Une controverse née d’une déclaration ecclésiastique

Tout part d’une prise de position publique d’un archevêque catholique congolais, ancien président de la CENCO, qui conteste le caractère sacré de Nkamba, berceau du kimbanguisme fondé par Simon Kimbangu.

Cette déclaration, rapidement devenue virale sur les réseaux sociaux et dans les débats populaires, a suscité incompréhension et réactions, notamment au sein des fidèles kimbanguistes.

Saisissant « la balle au bond », selon ses propres termes, Dr Lohanga Konga Jospin a livré une réponse méthodique, s’appuyant à la fois sur les fondements doctrinaux du kimbanguisme, l’histoire spirituelle de Nkamba et la reconnaissance progressive de cette ville comme centre religieux majeur.

Avec une rhétorique maîtrisée, il rappelle que Nkamba n’est pas une construction symbolique récente, mais une réalité spirituelle enracinée dans la mission prophétique de Simon Kimbangu.

« La sainteté de Nkamba ne procède pas d’une validation humaine, mais d’une manifestation divine vécue et reconnue par des générations de croyants », soutient-il en substance.

Nkamba : un centre spirituel vivant

L’ambassadeur itinérant insiste sur le fait que Nkamba représente un lieu de pèlerinage international, un espace de communion spirituelle et un point de convergence de la foi africaine.

Selon lui, contester Nkamba revient non seulement à ignorer une réalité religieuse vécue, mais aussi à minimiser l’apport du kimbanguisme dans l’émancipation spirituelle et identitaire africaine.

Dans son intervention, Dr Lohanga Konga Jospin dénonce également ce qu’il considère comme une lecture partielle des faits religieux et une confusion entre reconnaissance institutionnelle et réalité spirituelle.

Il appelle ainsi à une approche plus rigoureuse et respectueuse des différentes confessions religieuses présentes en RDC.

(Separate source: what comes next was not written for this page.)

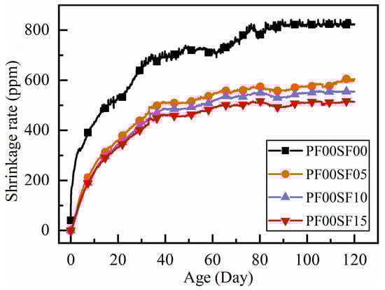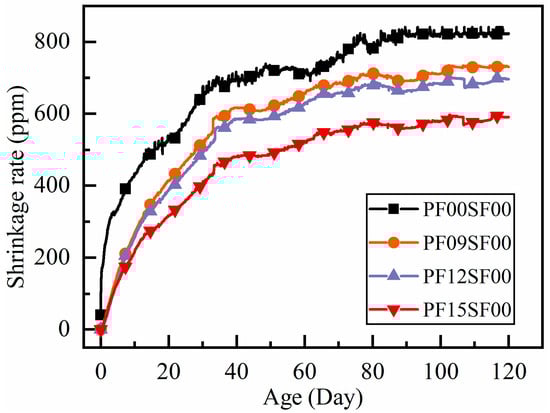 Flexible PF, with its low modulus of elasticity, can effectively bond with mortar inside the matrix after being incorporated into RAC. This bonding improves the poor pore structure of RAC, reducing the number of capillary pores and internal porosity, ultimately lowering the total shrinkage rate [10,28]. The effects are as follows: the shrinkage change curve of PF-reinforced RAC stabilizes faster than that of ordinary RAC. The rate of shrinkage increases and the maximum shrinkage at the same age decreases with higher polypropylene fiber content. The improvement in shrinkage performance is particularly noticeable when the polypropylene fiber content reaches 1.5 kg/m3.

Une défense du pluralisme religieux

Au-delà de la polémique, cette prise de parole s’inscrit dans une logique plus large : celle de la défense du pluralisme religieux et du respect mutuel entre Églises.

Pour Dr Lohanga Konga Jospin, il est essentiel que chaque confession soit reconnue dans sa spécificité et que les débats théologiques ne deviennent pas des instruments de division.

En intervenant avec précision et fermeté, l’ambassadeur itinérant s’impose comme une voix structurée dans ce débat sensible. Sa démarche vise à réaffirmer une conviction profonde : Nkamba, pour les fidèles kimbanguistes, est et demeure une ville sainte par essence, indépendamment des controverses.

Dans un contexte où foi, identité et reconnaissance institutionnelle s’entremêlent, cette polémique révèle surtout l’importance d’un dialogue interreligieux apaisé et fondé sur la connaissance mutuelle.